The pattern under all three
None of these systems treat the model as the decision-maker. SQL decides who to chase. The migration plan is owned by a human. The refusal threshold is a number in a config file. The model writes prose, reads structure, and asks for help when it should. It is jQuery in 2026 clothes. It handles the cross-browser quirks of natural language so the rest of the stack can stay boring.
Read the HN thread again with that lens. The complaints about magic are really complaints about systems where the model was given authority it had not earned. The complaints about cost are really complaints about prompts that should have been SQL. The complaints about junior developers are really complaints about a hiring market that has not caught up with what the tool actually is.

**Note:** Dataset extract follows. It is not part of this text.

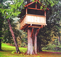 Некоторые рекомендации. Во-первых, дерево – не перманентная структура, оно будет расти и видоизменяться, следовательно, устраивая солидное жилище в ветвях, нужно учитывать эту потенциальную динамичность. Но у некоторых видов скорость роста не так высока. Вовторых, архитектура домика на дереве в большей степени зависит от структуры ствола, чем от пожеланий строителей: если ствол изгибается, домик будет повторять этот изгиб. Предпочтительнее, чтобы дерево в месте разветвления основных ветвей имело вид раскрытой ладони. Втретьих, большая часть строительных работ должна происходить на земле, и лишь самое необходимое – на дереве.
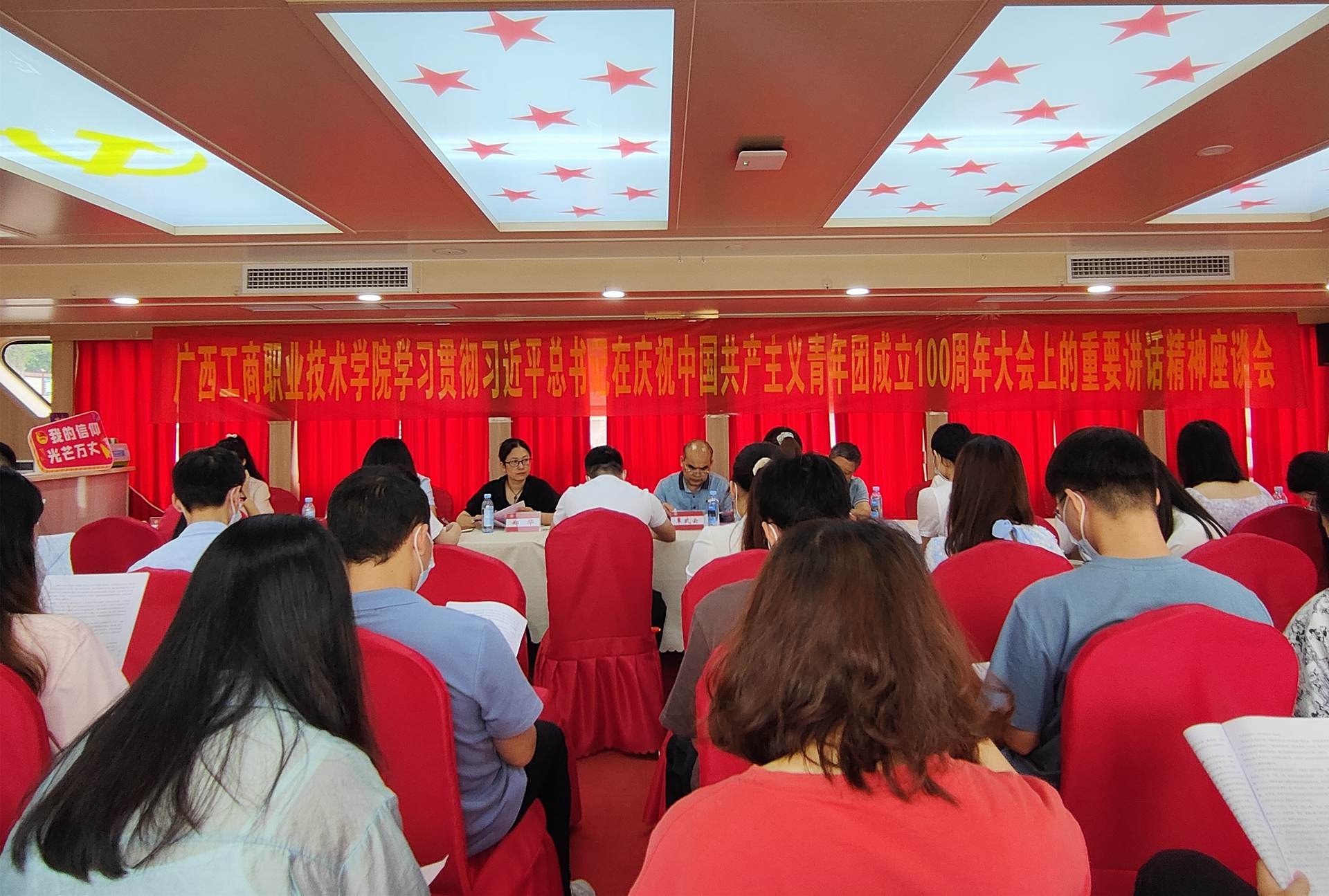 • 5月20日下午,我院在南寧市邕江紅色主題游船召開(kāi)學(xué)習(xí)貫徹習(xí)近平總書(shū)記在慶祝中國(guó)共產(chǎn)主義青年團(tuán)成立100周年大會(huì)上的重要講話(huà)精神座談會(huì),深入學(xué)習(xí)貫徹習(xí)近平總書(shū)記重要講話(huà)精神。學(xué)院黨委書(shū)記覃武云、學(xué)院副院長(zhǎng)...

When we built the invoice-chase agent for a Rotterdam accounting firm, the thing we ran into was exactly this: the first version let the model decide which clients to chase, and it occasionally chased people who had paid by bank transfer that morning. We moved the decision into a SQL query against the AR ledger and the embarrassing emails stopped. The model still writes the prose. It just does not pick the targets.
The smallest thing you can do today: open the last AI agent you shipped, find one place where the model decides something a SQL query could decide, and move that decision out of the prompt and into the database. Then read the 2009 jQuery thread on HN and notice you have read it before.
Key takeaway
The HN anti-AI thread is the 2009 anti-jQuery thread rerun. Build agents like jQuery utility belts, not oracles, and the skeptics quietly stop arguing.
FAQ
Why compare AI agents to jQuery instead of something newer?

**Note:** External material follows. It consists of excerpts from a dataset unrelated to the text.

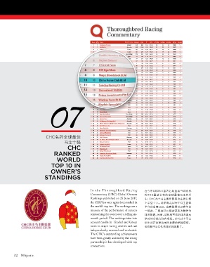 the world’s top ten. The rankings are a 半 年 的出 赛 马匹、出 赛 数 量 以 及参 与的
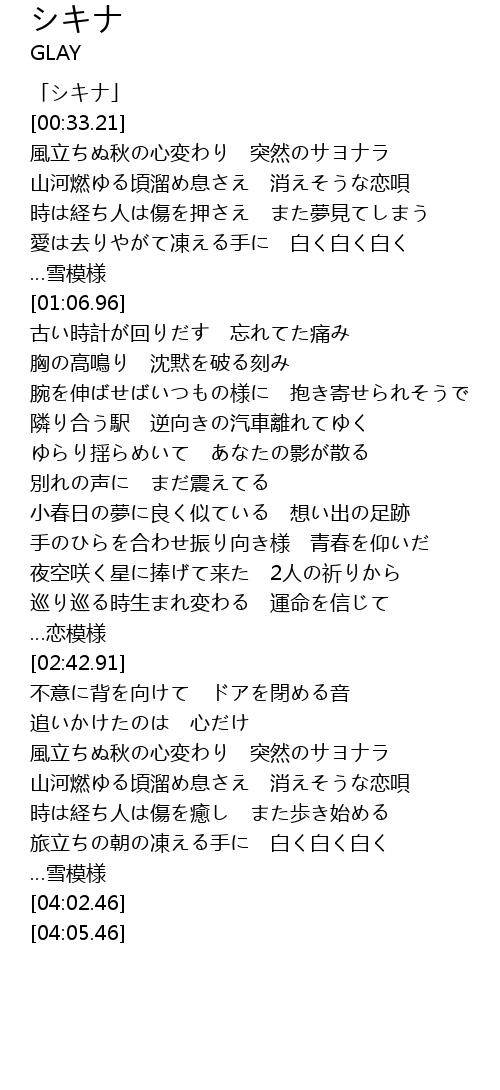 | [00:42.19] | 山河燃ゆる頃溜め息さえ 消えそうな恋唄 |
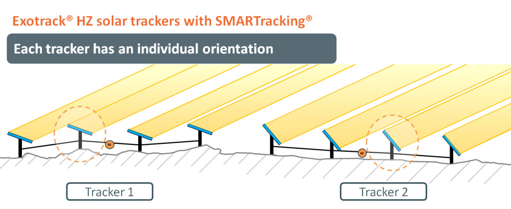 The energy output of a solar plant equipped with single-axis trackers can be further optimized by implementing an efficient tracking process. Basic yield calculations consider a perfectly flat terrain. However no field is completely flat. Slopes and terrain irregularities generate production losses that should be correctly anticipated. Solar tracking expert Exosun took into account those variations in the terrain and developed SMARTracking, an intelligent patented two-step tracking process to address the impact of non flat fields and generate up to 5% additional yield annually, compared to other basic solutions. Let’s take a look at how it works.
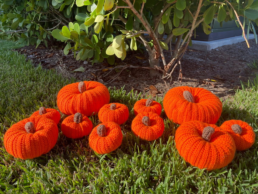 Crochet pumpkin decorations are perfect for fall! This product comes in 4 sizes (mini, small, medium, and large).

Because the argument shape is identical. The 2009 skeptics said jQuery was magic that hid bad practice. They were right in the small and wrong about whether it would ship. The current AI thread is the same beat.
What does a deterministic spine actually mean in an agent?
The hard decisions (who to chase, what to migrate, when to refuse) live in code or config a human can read line by line. The model only handles the soft work: writing prose, reading unstructured text, asking for help.
How do you measure whether an agent is earning its cost?
Two numbers. Hours saved per week against a baseline, and refusal rate. An agent with zero refusals is over-reaching. An agent with no time saved is decorative. You want both numbers visible on a dashboard.